Undistracted.

Aside Posted on

“No one could ever accuse us of being a well-oiled machine.”

My pastor said this once to me after a church service, and it’s stuck with me. It still makes me laugh, because it is so true, and I am so thankful for it. I was hired on staff at theHeart when I was 20 years old – just a junior religious studies major who had spent my life singing on stage, but NEVER led a band. Leading worship was intimidating, because although anybody would come to our church and assume that I fit the mold of contemporary worship leaders (20-something-years-old, vague Christian tattoo on my wrist, wearing skinny jeans), I am totally jaded by contemporary church culture, because I have been a part of it, and I’ve watched the goal of worship totally slip away from the act of worship.

I’ve watched churches and people that I love become more concerned with being relevant for the sake of the Gospel than for simply attempting to be the Gospel. Does that make sense? As technology has increased there has been a massive influx of marketing and production within the Church. We’re living within a church culture that can be over focused on luring guests in with free t-shirts, first-timer gifts, elaborate productions for a worshipful atmosphere, and an obsession with social media marketing. It draws the biggest, youngest crowds, and it also draws a lot of criticism.
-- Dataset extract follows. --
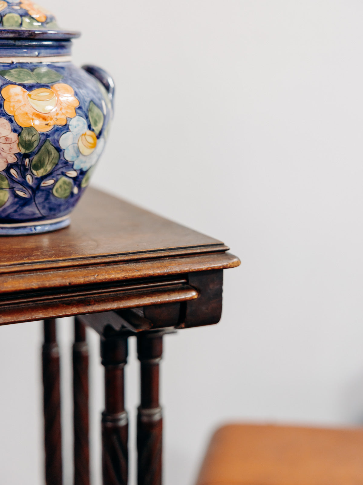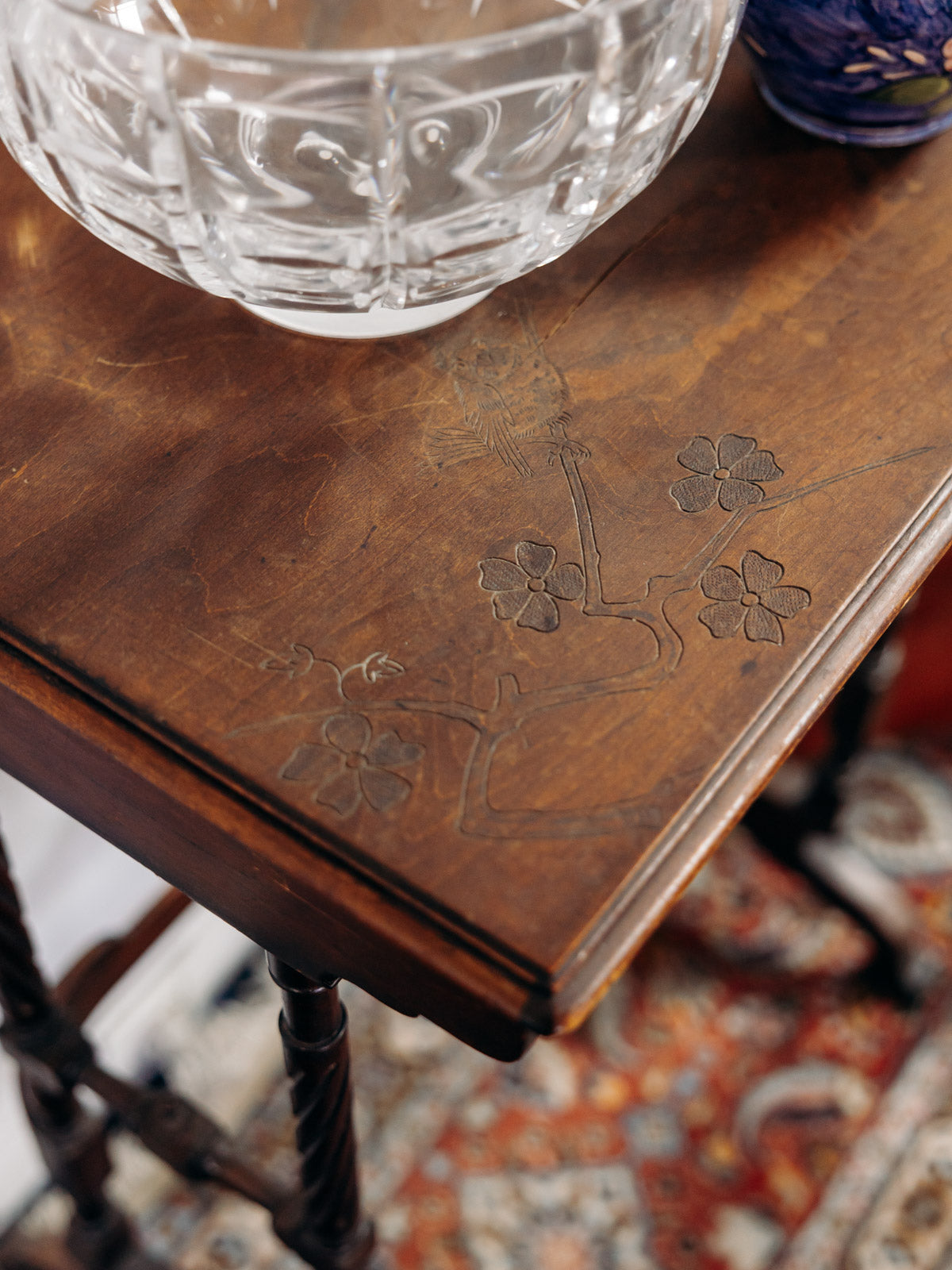 Choose these nesting tables in finely crafted wood, a harmonious pair where the smaller table slides under the larger one to free up space and offer versatility, serving as a side table or elegant serving cart. The tabletops feature engraved designs that lend a refined, handcrafted touch, while the patinated wood adds warmth and character to a contemporary or classic interior. Veneer is missing from the tabletop.

I can’t tell you how many times I’ve heard the phrase “creating a worship experience”. I would never in a million years say that the motivation behind the production is wrong. We (the capital C, Church) want to embrace the culture we live in, and we want more people to know Christ. That’s great. But the problem is when we spend more time and energy in the shallow presentation of our relevance than the deep, spontaneous movement of the Holy Spirit. The problem is when the production and the creation of a worship experience distracts us from being open to improvisation with the Holy Spirit.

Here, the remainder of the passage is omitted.